79 That source of information can be contrasted with that in MZAOL. The Court (at [70]) accepted that the impugned information would have been perceived by the tribunal as credible - it emanated from official sources being either an educational institution or the New South Wales police. Notwithstanding that, the Court concluded (at [76]) that there is good reason for thinking that a fair-minded tribunal member in the regular administration of the Act and acting on the basis that s 438 had application would not have affirmatively exercised the discretion to have regard to the impugned information without good reason. Additionally, absent any contrary indication in the tribunal's reasons or elsewhere in the evidence that the tribunal gave active consideration to the affirmative exercise of the s 438(3)(a) discretion, there is further justification for inferring that the tribunal paid no regard to the impugned information in reaching its decision. On the same reasoning, it cannot be said that in the present case the Tribunal was influenced by the information in the appellant's ex-wife's emails.
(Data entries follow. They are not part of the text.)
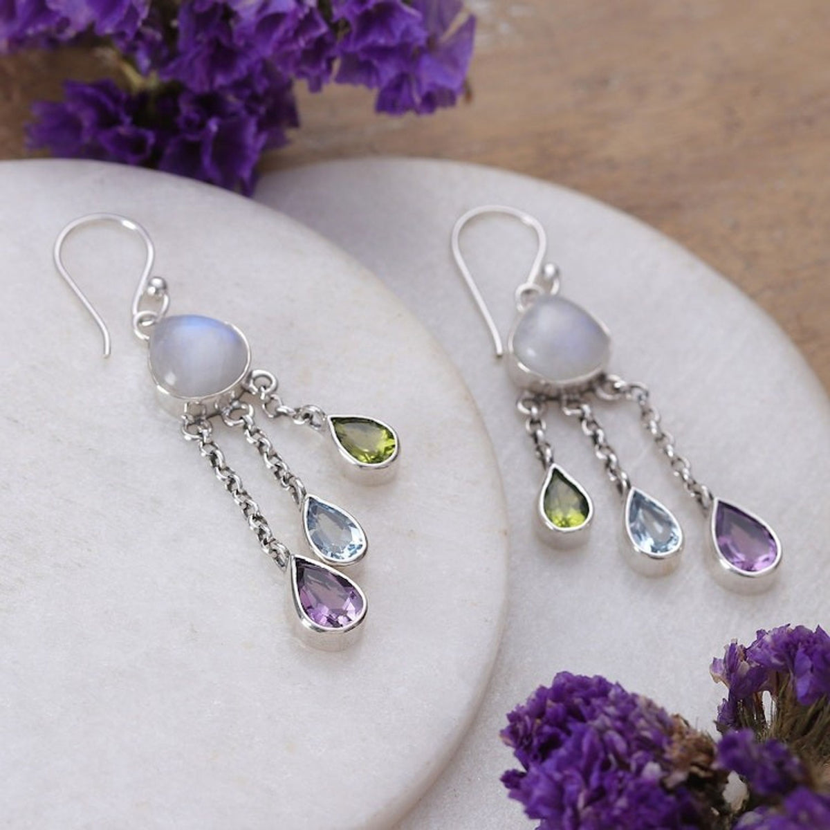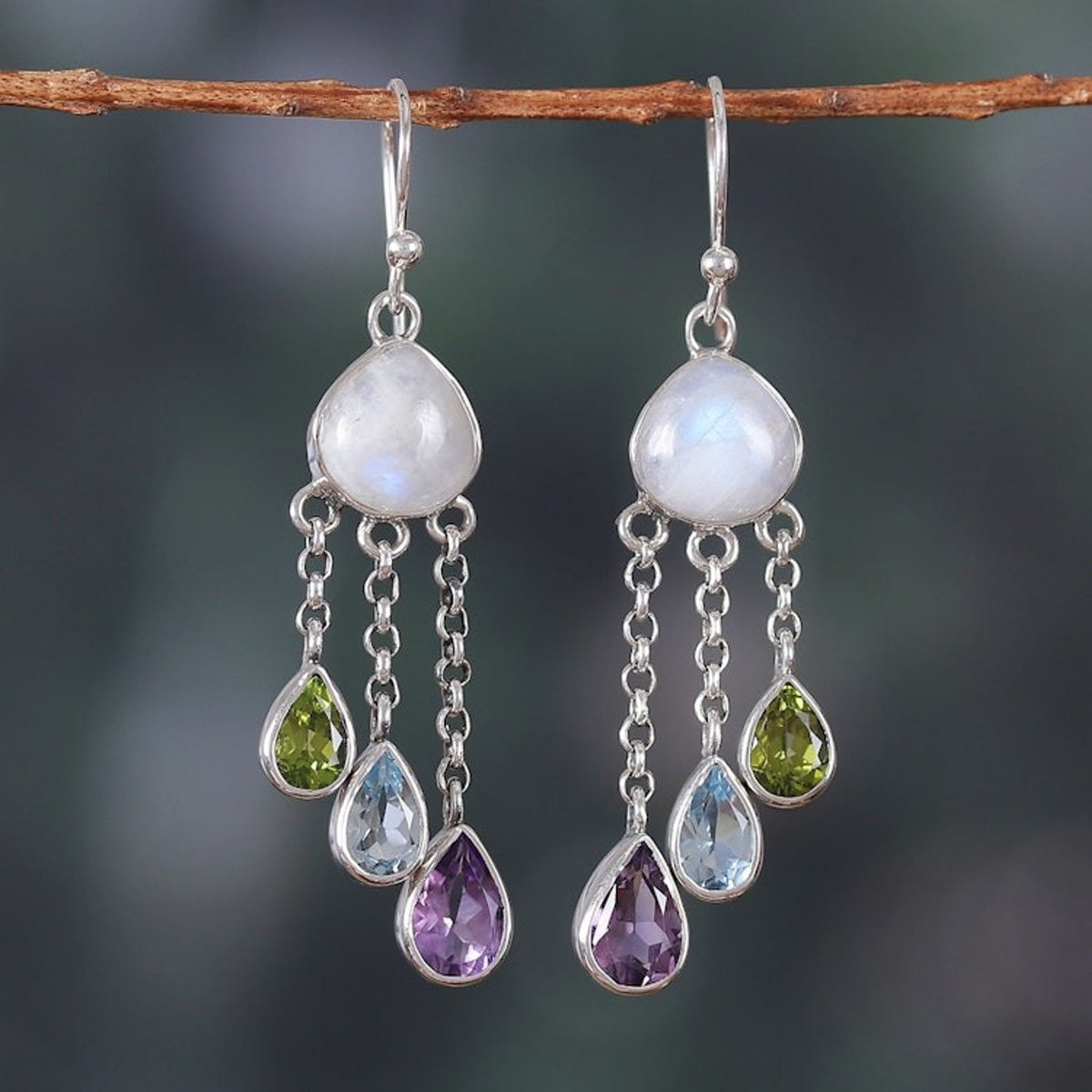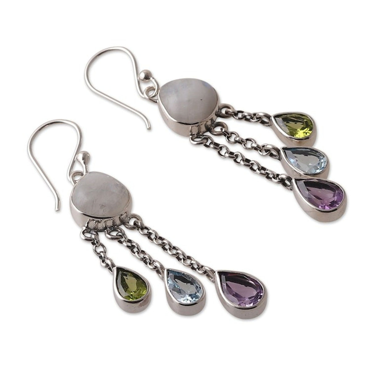 Handcrafted in India from 925 sterling silver, rainbow moonstone, amethyst, blue topaz, and peridot with a combination finish. The hook earrings measure 2.1 inches long by 0.6 inches wide by 0.3 inches deep and weigh 0.30 ounces.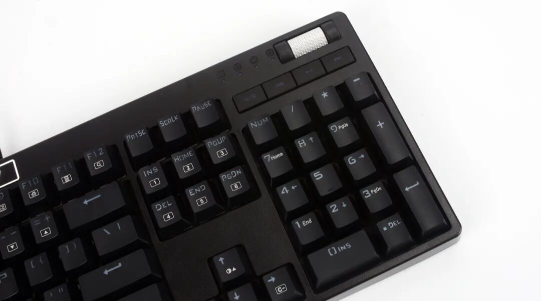 小键盘上方有音量滚轮和多媒体控制键,这在一般入门级别的机械键盘上比较少见。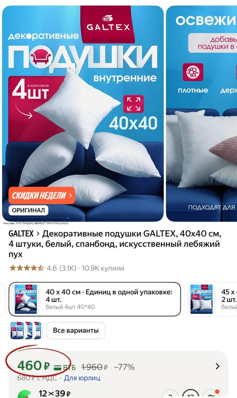 💻 Декоративные подушки GALTEX, 40x40 см, 4 штуки, белый, спанбонд, искусственный лебяжий пух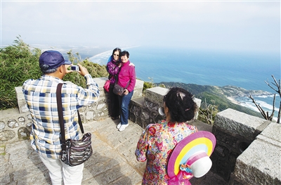 2月1日,文昌市“航天小镇”龙楼镇铜鼓岭旅游风景区,络绎不绝的游客来此登高望远,饱览美景。随着文昌卫星发射基地的建设和旅游基础设施的完善,不少人选择到未来的“航天城”旅游、购房。本报记者 王凯 通讯员 王昊 摄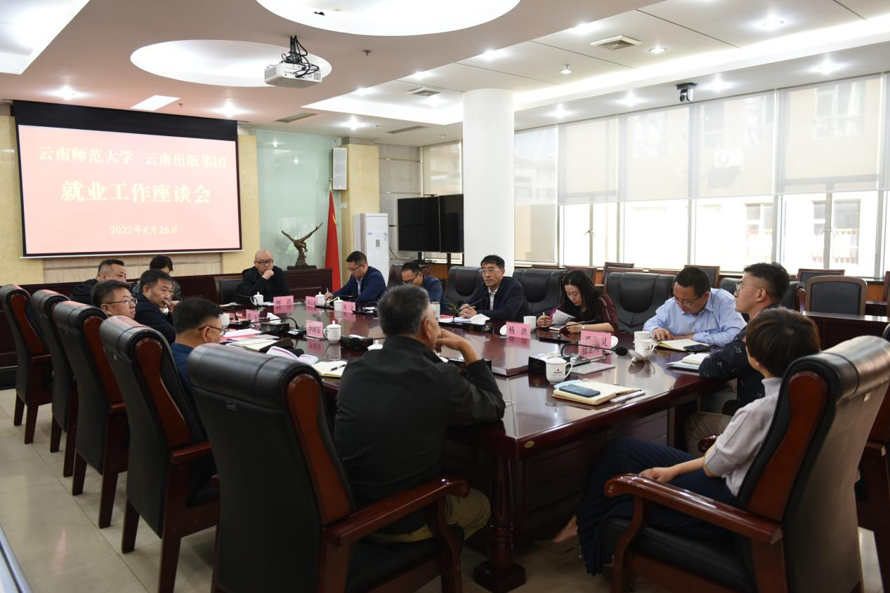 就业是最大的民生,为贯彻落实《教育部办公厅关于开展全国高校书记校长访企拓岗促就业专项行动的通知》和《365英国上市官网访企拓岗促就业行动方案》文件精神,切实做好2022届毕业生就业工作,4月26日上午,校党委副书记张玮一行赴云南出版集团有限责任公司开展访企拓岗促就业调研交流,校党委组织部、就业处、教育学部、经济与管理学院、美术学院、历史与行政学院相关负责人参加了调研。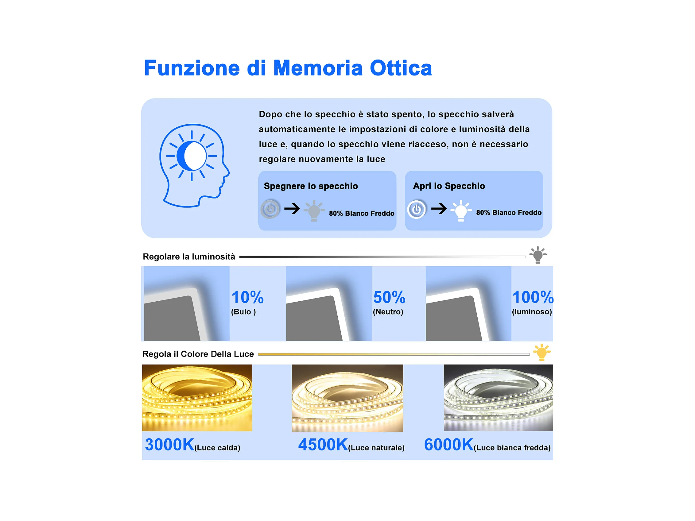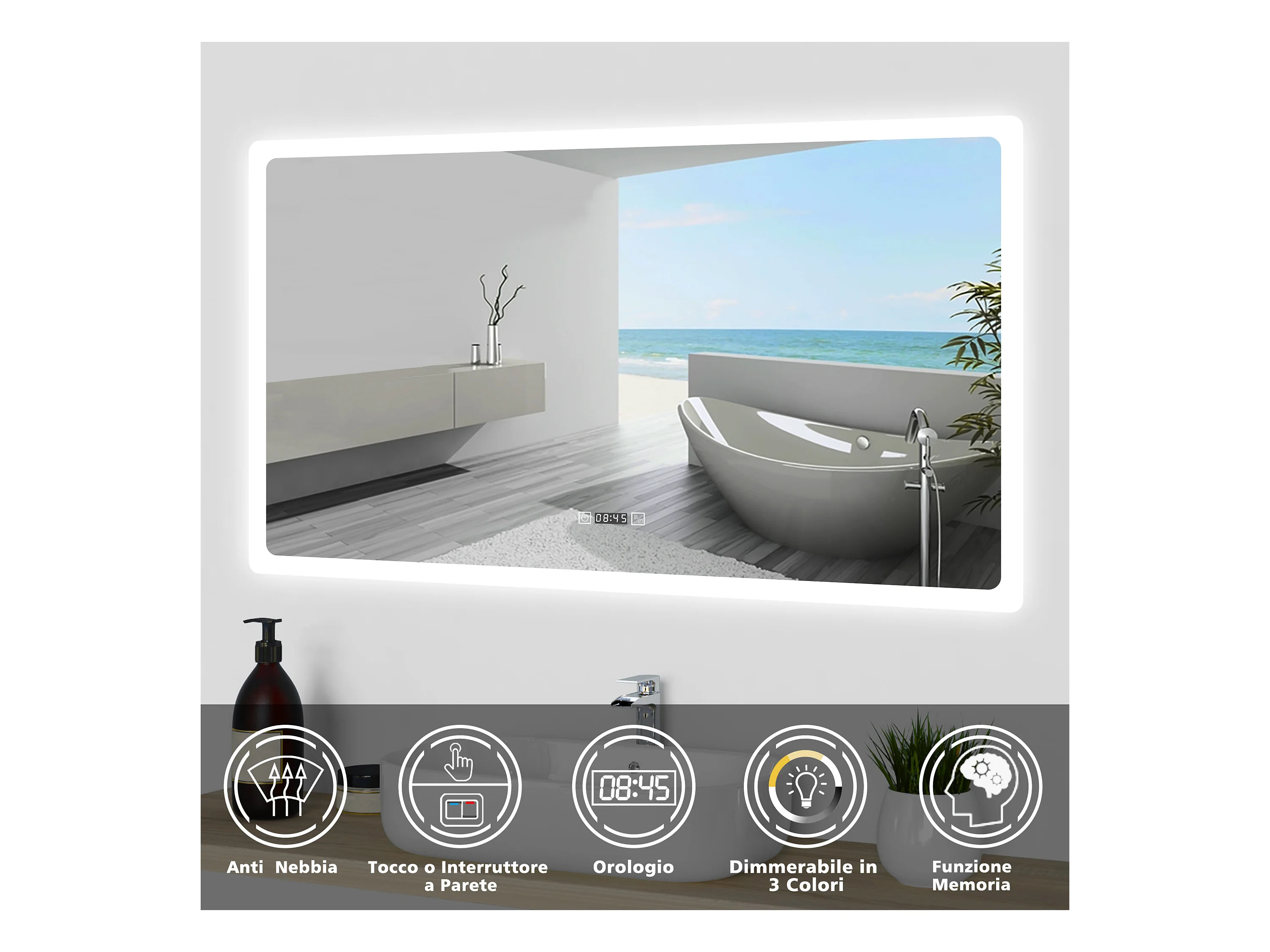 Specchio da bagno Rettangolare con 120x70cm,Blue tooth,3 colori,Memoria, Antifog,Regorabile,Retroilluminato,doppio interruttore,

80 I also take into account that the onus is on the appellant to establish that the impugned information was taken into account by the Tribunal. On the available evidence, and for the reasons given, I am unable to conclude that the Tribunal took the information into account. The indications are to the contrary.
81 In the circumstances, the Tribunal's failure to inform the appellant of the notification that it received that certain information provided to it was covered by a certificate under s 438 did not constitute jurisdictional error by the Tribunal because even had the appellant been informed that could not as a realistic possibility have resulted in a more favourable decision to the appellant.